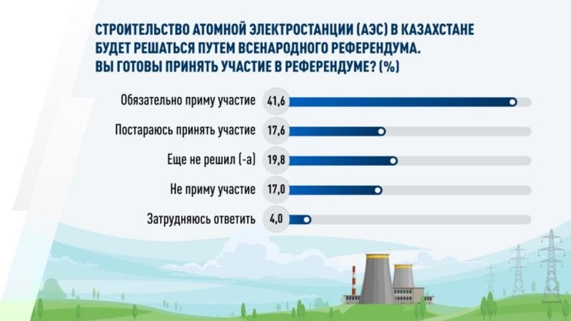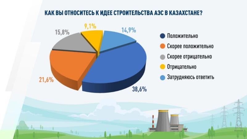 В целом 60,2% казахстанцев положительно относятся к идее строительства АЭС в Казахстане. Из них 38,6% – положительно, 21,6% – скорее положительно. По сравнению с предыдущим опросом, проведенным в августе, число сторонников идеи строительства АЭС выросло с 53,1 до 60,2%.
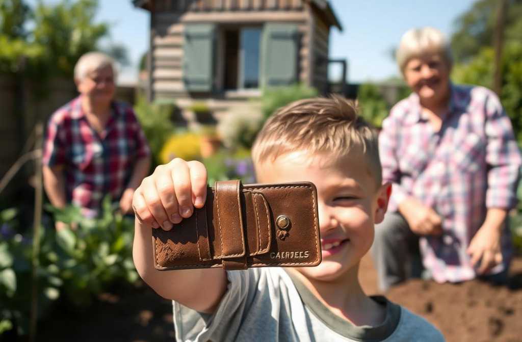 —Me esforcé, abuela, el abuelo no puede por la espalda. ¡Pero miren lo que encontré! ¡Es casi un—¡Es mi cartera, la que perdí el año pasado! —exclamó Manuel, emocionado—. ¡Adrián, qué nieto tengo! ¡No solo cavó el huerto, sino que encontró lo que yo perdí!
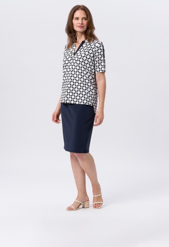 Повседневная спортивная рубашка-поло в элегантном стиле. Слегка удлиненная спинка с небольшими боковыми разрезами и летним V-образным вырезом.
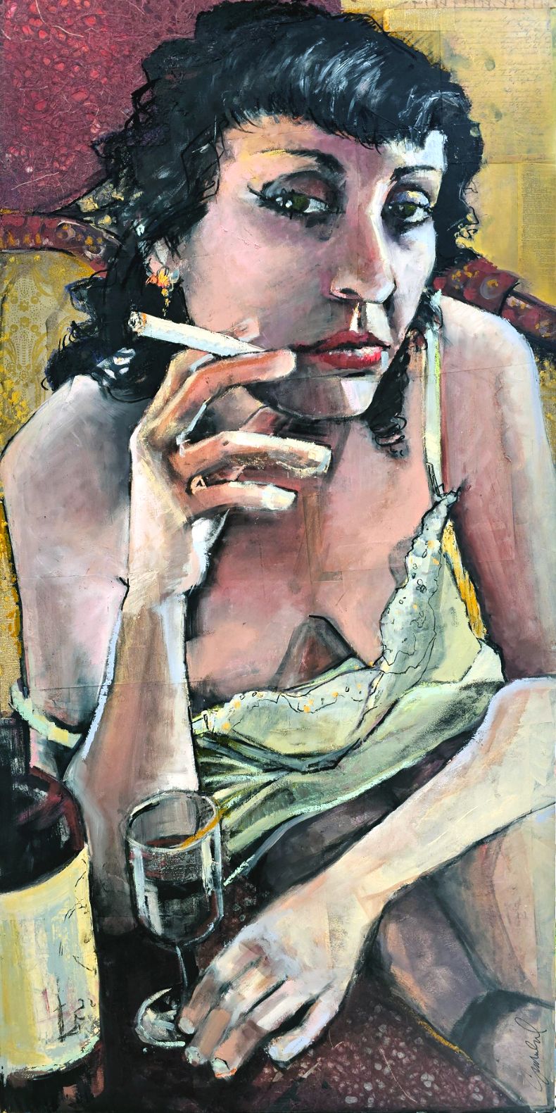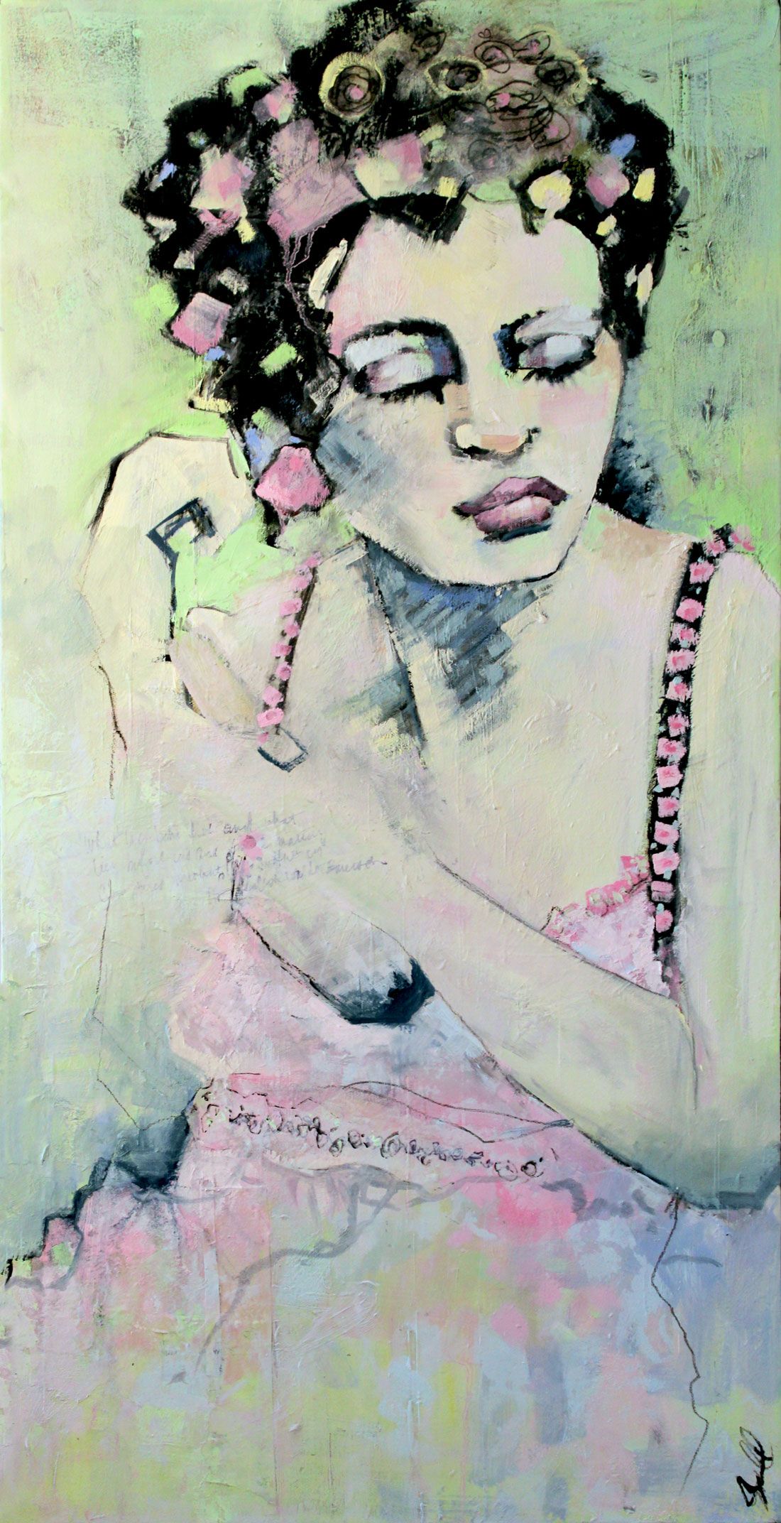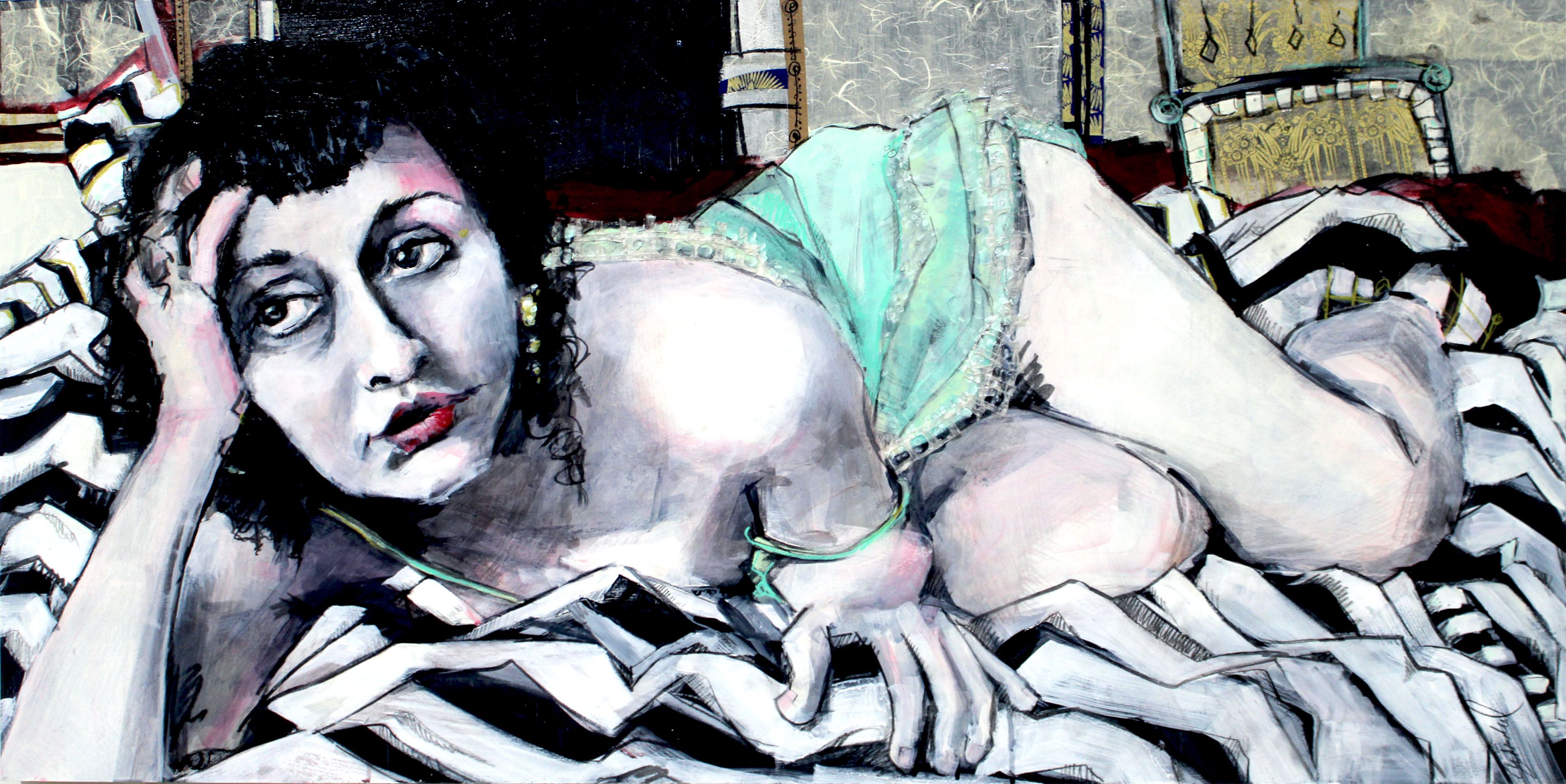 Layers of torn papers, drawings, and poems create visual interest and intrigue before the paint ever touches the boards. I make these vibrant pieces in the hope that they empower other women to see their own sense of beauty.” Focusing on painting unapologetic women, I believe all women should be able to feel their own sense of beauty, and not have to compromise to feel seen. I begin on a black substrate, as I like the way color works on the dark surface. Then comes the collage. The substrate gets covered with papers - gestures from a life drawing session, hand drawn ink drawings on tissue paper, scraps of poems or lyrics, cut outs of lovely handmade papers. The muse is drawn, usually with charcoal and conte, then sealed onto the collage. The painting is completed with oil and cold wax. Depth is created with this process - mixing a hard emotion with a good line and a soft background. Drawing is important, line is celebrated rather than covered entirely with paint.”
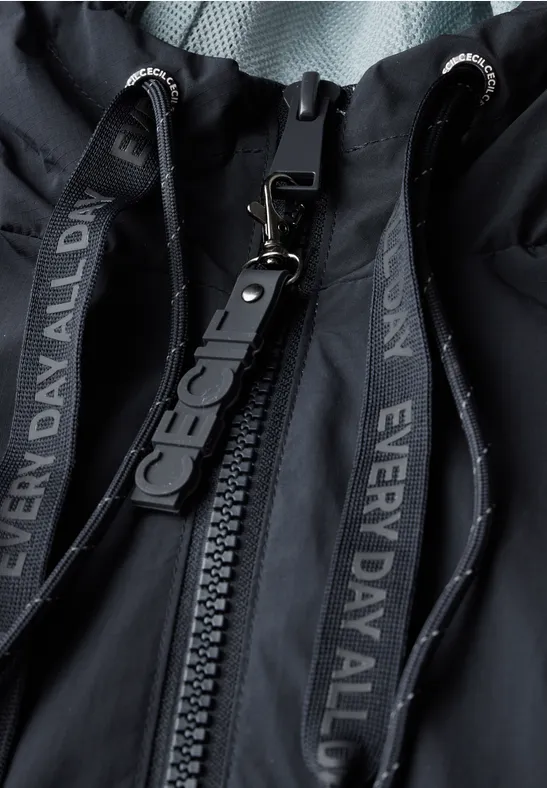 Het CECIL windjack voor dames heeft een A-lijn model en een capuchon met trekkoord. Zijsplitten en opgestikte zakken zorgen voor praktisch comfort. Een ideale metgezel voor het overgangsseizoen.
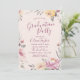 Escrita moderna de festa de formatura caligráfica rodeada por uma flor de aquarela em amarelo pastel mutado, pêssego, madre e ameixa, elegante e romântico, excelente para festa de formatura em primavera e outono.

═══

What to produce: Give back, exactly as written, the lines from the top of the material above to the line containing "que yo perdí!", both included; skip every picture.

Result of this exercise:
 В целом 60,2% казахстанцев положительно относятся к идее строительства АЭС в Казахстане. Из них 38,6% – положительно, 21,6% – скорее положительно. По сравнению с предыдущим опросом, проведенным в августе, число сторонников идеи строительства АЭС выросло с 53,1 до 60,2%.
 —Me esforcé, abuela, el abuelo no puede por la espalda. ¡Pero miren lo que encontré! ¡Es casi un—¡Es mi cartera, la que perdí el año pasado! —exclamó Manuel, emocionado—. ¡Adrián, qué nieto tengo! ¡No solo cavó el huerto, sino que encontró lo que yo perdí!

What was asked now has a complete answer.